Teenage tycoon earns a place in German legend




In a land where conformity is a virtue and life is reduced to a steady progression along a carefully mapped-out career path, Lars Windhorst is something of a prophet. Even the German business press, enthralled by the wunderkind's fabulous talent for making money, cannot resist a few jibes. "Barbie doll in a pin-stripe suit", was how one magazine described the 19-year-old tycoon who has turned his father's garage into the nerve centre of a global empire.

But among his peers in German industry, the teenager is a living legend. Myths abound of the boy who perused the stock market reports instead of comics at junior school. By 10 he is said to have started dabbling in shares, at 14 he began tinkering with computers. Soon he was writing software and building computers in the family home in the small town of Rahden in northern Germany.

That was when he discovered the limitations of the domestic industry and globalised his operations. When he was 15 he flew to China to buy cheap computer components, which were then assembled by his school-mates and sold in his father's stationery shop. A year later he dropped out of school and went into business with a Chinese enterpreneur based in Germany.
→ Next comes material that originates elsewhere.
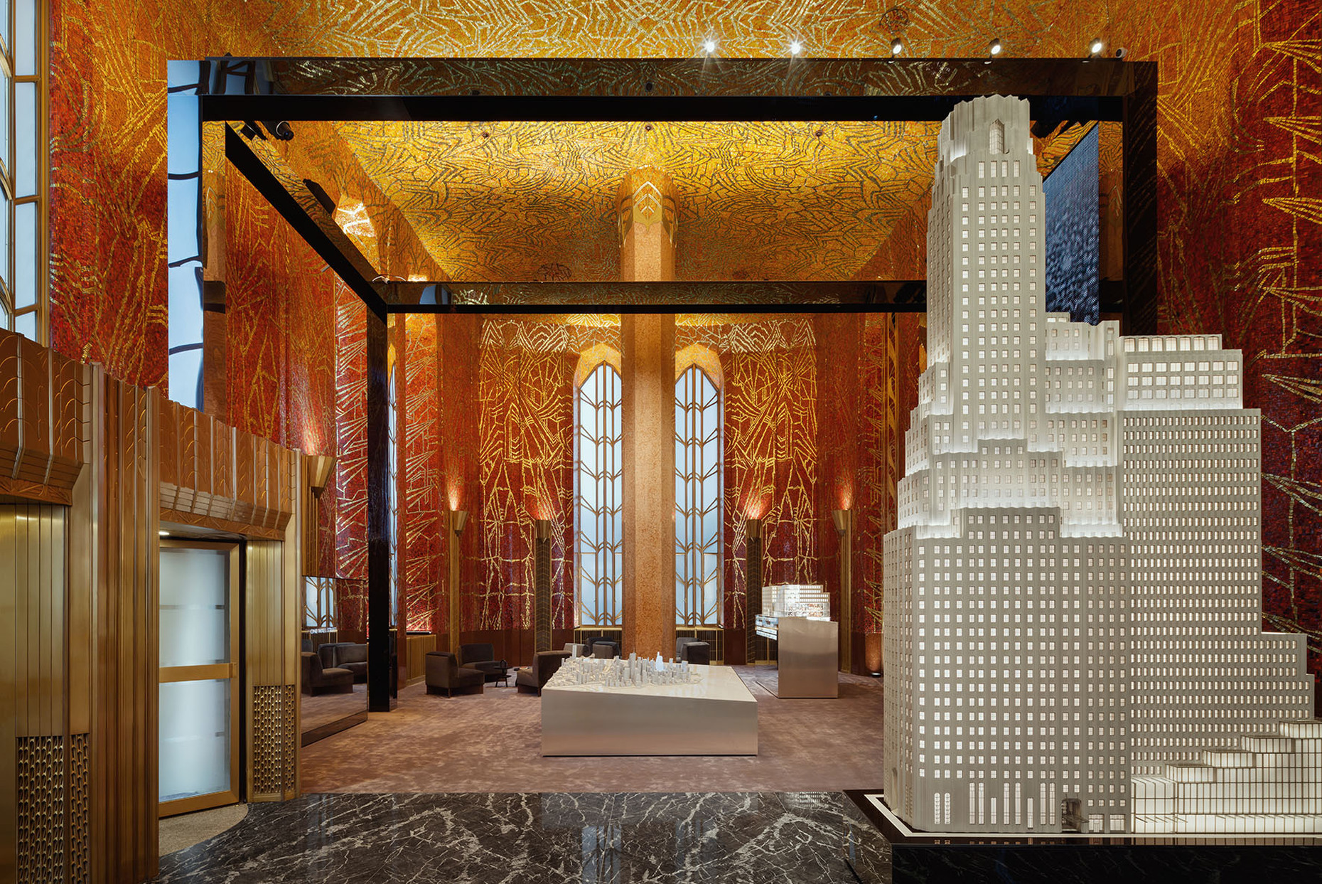 The architectural historian says, "There are two types of skyscrapers here. One is the slender Superslim towers or the Wedding Cake type with its various set-backs, which came after the 1916 Zoning Resolution." The resolution was a direct response to the slouched Equitable Building, which obscured neighboring streets. One Wall Street also features those setbacks, which taper the building upward. Ralph T. Walker - about whom Frank Lloyd Wright once said, "The only other honest architect of America" - had built the structure for a major bank called the Irving Trust Company. He used limestone instead of brick for the facade design that remains so characteristic today, although more expensive and less typical of the period. 50 floors were occupied by the Tower, completed in 1931, which at 199 meters was the tallest building in the city at the time. In the 1960s, Walker added a stylistically appropriate 28-story annex to the south side of the tower, so that today the complex spans an entire block. On the first floor, R.T. Walker surprised bank customers with a veritable orgy of color: The now-restored, ten-meter-high Red Room in the skyscraper's entrance area is considered the pearl of Manhattan and is lined all around with a mosaic in red and gold created by New York mural artist Hildreth Meière. And perhaps this tower, together with its mosaic entrance, would no longer exist today if the building had not been listed as a historic monument.

At first the local banks refused him credit. His father had to persuade bank managers that Lars was a serious proposition, and had to sign all the cheques, a task forbidden under German law to those under 18.

Despite the credit squeeze and all the bureaucratic hurdles, the cottage industry mushroomed within three years into a world-wide concern, with offices in New York and Hong Kong, interests in real estate, computers, advertising and business consultancy, and an annual turnover of DM250m. The Windhorst empire's centre is now shifting from Rahden to the Far East. In Vietnam, there are plans in Ho Chi Minh City for a 55-storey Windhorst Tower, destined to be the emblem of this "one-man economic miracle" - as he is described in the Hong Kong press.

His knowledge of the Far East scene has earned him guru status, so much so that when Chancellor Helmut Kohl recently toured the region, Lars was the leading luminary in a government delegation packed with captains of industry. He is the sort of young enterpreneur Germany needs, Mr Kohl said: "Eighteen-, nineteen-year-olds who don't count on their pensions, but follow their dreams, take risks and go out into the world."

The Chancellor and the German business world are expecting great deeds from their teenage enterpreneur. This week he is due to meet Bill Gates, the founder of Microsoft, who had the monopoly on precocious capitalism before Mr Windhorst came on the scene. There is talk of a link-up between the two, provoking jibes from the press about the dawn of a "nerds' world".

Whether German youth would emulate him, as Mr Kohl hopes, is doubtful. Mr Windhorst's social skills with people of his own age seem somewhat limited and, it is rumoured, he dilutes his beer with Coke.